Since coming to office the government have been very active in the health space. In fact more active than successful, but very active in the health space. They have had their targets set on universal health cover through the Medicare system with four different versions of the GP tax. We are seeing bulk-billing rates in general practice declining again after almost six years of consistent increase. Of course there are significant cuts, over $55 billion worth of cuts, to our public hospital system. How is this relevant to private health insurance? As the Commonwealth takes deliberate steps to minimise, to shrink, to control the rate of growth within the public side of the health system, many patients are forced into the private side and are forced to rely even more on their private health insurance cover. This, as we argue, is going to put increased pressure on private health insurance premiums.

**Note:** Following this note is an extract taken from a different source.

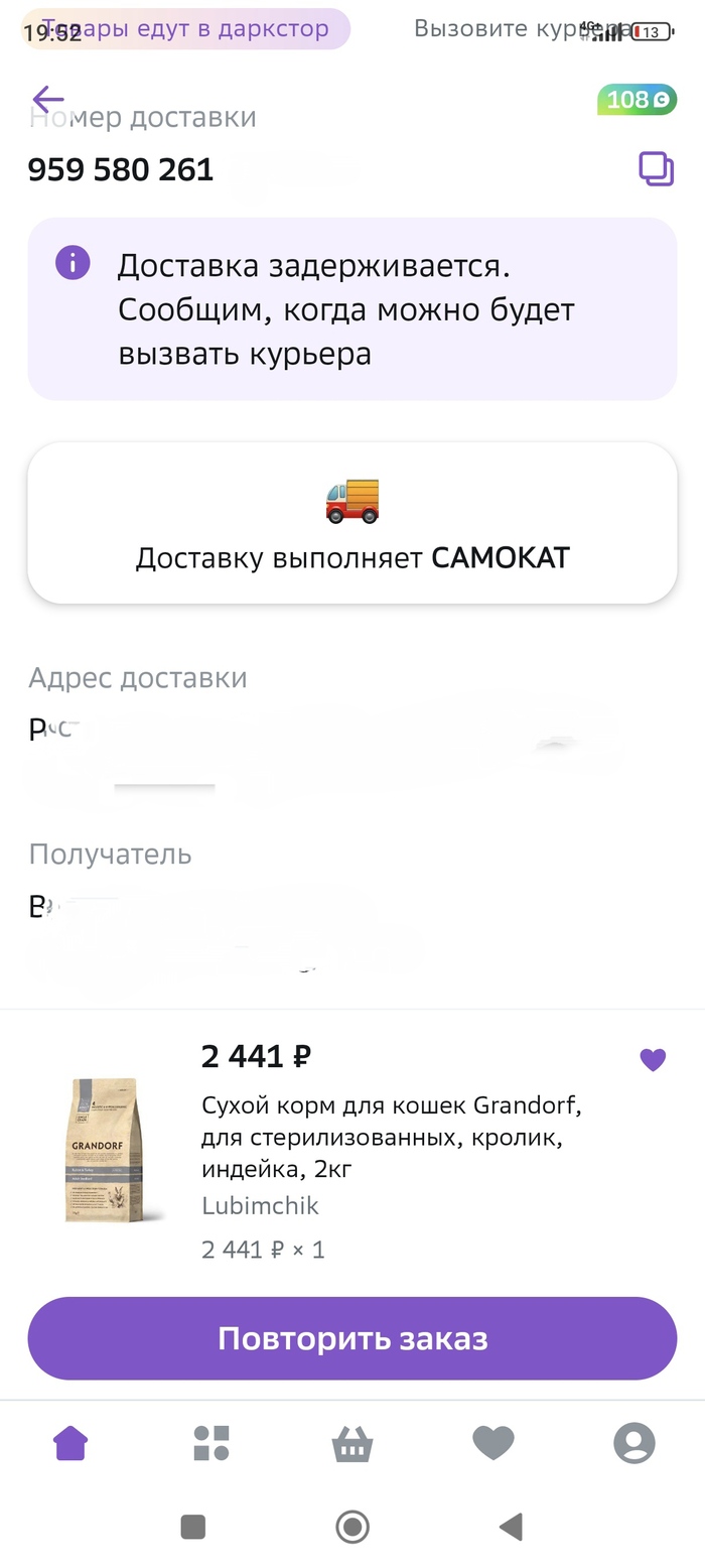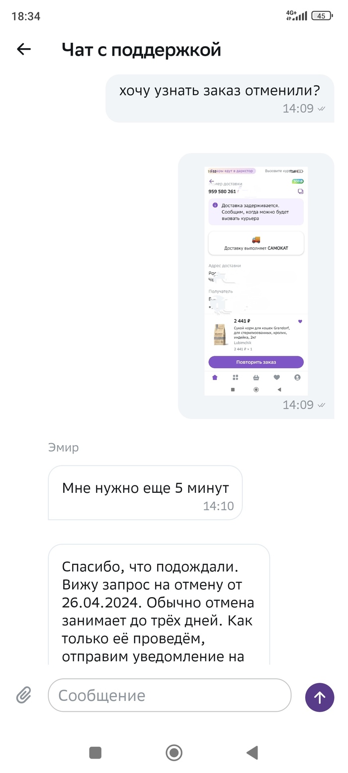 Значит история такова. 14 апреля понадобилось приобрести корм для кота Grandorf индейка с кроликом 2 кг по привлекательной цене. (На ~400 рублей дешевле чем у конкурентов). Сроки доставки были запланированы на 21-ое апреля курьером самокат по клику из Даркстора. Конечно же, 21-го балалайка)))).,статус заказа "товары едут в Даркстор"! Ладно, интересуюсь у "поддержки" мол что да как?, и почему? Клятвенно заверяют что она будет доставлена в течение 2-ух суток, но возможно и раньше... 23-го продолжает служба "поддержки" кормить завтраками! Параллельно по звонку в поддержку (в начале отвечает автомат) у "робота" по номеру заказа удалось узнать что заказ находится где-то в Марушкино на складе мегамаркета. Жду до 26-го..., и тишина. Всё по прежнему, заказ в Марушкино, в чате отписки, бла-бла-бла и так далее. Принимаю решение отменить заказ (26-ое апреля), и перезаказать новый аналогичный корм. Звоню в поддержку, отменяю заказ (в течение трёх суток не ни в коем случае позже) а как правило раньше заказ будет отменён!!!, и деньги вернуться. Сегодня 28-ое апреля. Статус заказа "товары едут в Даркстор", и издевательская фраза извините мы задерживается. Заказ не отменён. Пишу, почему заказ не отменён? Ответ меня чуть не подкасил)), мы не смогли отменить заказ, отменим его по новой., на это потребуется 3-4 дня?!!!! Не было бы так смешно, если бы не было так грустно. Хорошо что у кота есть запас, и он не голодал. Отвлекся от темы., так вот, присылают мне в качестве извинения промокод на 200 рублей при покупке от 1500 тысяч))))). (Да у них свои промо-коды) в свободном доступе и то по интереснее будут. Самое не приятное то, что в моменте общения, когда им пишешь, говоришь, то связь обрывается, то чат сами закрывают, и издевательская надпись, оцените качество обслуживания. И выбрать надо из 5 звезд. Конечно же одна, жаль в минус нельзя ставить. Ну а теперь финал, который просто "убить" может даже человека с устойчивой психикой. Приходит PUSH уведомления, что вид доставки изменился. Не самокат по клику, а МЕГАМАРКЕТ выполняет доставку и товары в пути!))) Вот такой он. Мегамаркет. Хочется добавить ЧТО вот так вот не надо, а надо вот так. (Из их рекламы как раз в тему). Что самокат не смог, а мы сможем. Прикладываю скрины общения со """ специалистами """ службы поддержки.. Финал истории дополню по завершению истории.

The architecture for the prudential regulation and the consumer protections in private health insurance are more important now than ever as the government, through a mean-spirited policy towards health care in this country, is shifting the burden towards private cover. We are going to see upward pressure on private health insurance premiums in this country. These are matters which need to be debated. We have a bill before the House and we expect more. As I said at the outset, there has been insufficient stakeholder consultation in this, and I sincerely hope that, when this bill comes before the Senate, there will be the opportunity for further scrutiny of the matters, which are of great public import and, I am sure, of concern to all members of the House.